This is exactly why the loader you just read splits its behaviour. A scalar release result — monomerPct 98.611 — maps cleanly into a triple, because a single typed number is a fact the graph can reason over and constrain with SHACL. But a spectrum or chromatogram stays a referenced document: the graph records that the batch has one, where it lives, and what it is, and leaves the array itself in the ADF or AnIML file. The graph is the index of the digital thread, not the warehouse for every number on it — and that division of labour is what keeps it small, queryable, and honest.

The digital-thread query

Now the payoff.

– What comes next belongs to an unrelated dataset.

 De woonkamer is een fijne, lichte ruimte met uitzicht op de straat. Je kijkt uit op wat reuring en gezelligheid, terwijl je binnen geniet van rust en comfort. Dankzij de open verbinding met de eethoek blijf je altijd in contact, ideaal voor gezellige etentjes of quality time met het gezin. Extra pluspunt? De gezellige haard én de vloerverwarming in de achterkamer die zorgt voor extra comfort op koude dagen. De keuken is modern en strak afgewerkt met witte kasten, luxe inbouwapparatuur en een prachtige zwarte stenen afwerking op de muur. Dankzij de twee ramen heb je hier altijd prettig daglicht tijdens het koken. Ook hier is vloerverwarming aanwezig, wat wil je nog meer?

With the graph built, we ask one recursive question in SPARQL — the W3C standard query language for RDF [2]. The query, from the same file, walks the derivedFrom chain from a drug-substance lot toward its ancestors:

PREFIX bp: <https://example.org/bioproc#>
SELECT ?step ?type WHERE {
  bp:DS-001 (bp:derivedFrom)+ ?step .
  ?step a ?type .
} ORDER BY ?type

(The bare a in ?step a ?type is the same rdf:type shorthand from the Turtle above — it carries into SPARQL unchanged, so that line reads "and bind ?type to whatever class each step is typed as.") The load-bearing token is (bp:derivedFrom)+. That is a SPARQL property path: the + means "follow one or more derivedFrom hops." So this single line says "find every step DS-001 derives from, however many links away" — exactly the recursive lineage walk that is painful in plain SQL.

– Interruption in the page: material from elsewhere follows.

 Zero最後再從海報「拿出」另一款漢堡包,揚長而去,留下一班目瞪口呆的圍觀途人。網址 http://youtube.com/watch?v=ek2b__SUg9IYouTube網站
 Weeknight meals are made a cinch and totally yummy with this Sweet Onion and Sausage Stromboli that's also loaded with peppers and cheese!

Running the file end to end — python chapters/16-semantics-knowledge-graph/build_graph.py — produces this real output:

graph: 91 triples

digital thread — what DS-001 derives from:
  BATCH-2026-001 (Batch)
  BATCH-2026-001 (Bioreactor)
  PApool-001     (CapturePool)
  SEED-001       (SeedTrain)
  WCB-CHO-001    (Wcb)

That is the complete lineage of one drug-substance lot, reconstructed by the graph in one query: the capture pool it was purified from, the bioreactor batch that produced it, the seed train that inoculated it, and the working cell bank at the very root. (Wcb is just the .title() transform applied to the CSV's wcb — the working cell bank — so it reads a little oddly next to a clean two-word class like CapturePool; it is the same deterministic mapping, not a glitch.) The batch appears twice — once typed Batch (from the batches loop) and once Bioreactor (from the genealogy loop) — which is itself an honest, faithful picture of multi-source modeling: the same physical thing carries more than one class, and the graph happily holds both. This is the open-source realization of what vendors sell as a "manufacturing knowledge graph."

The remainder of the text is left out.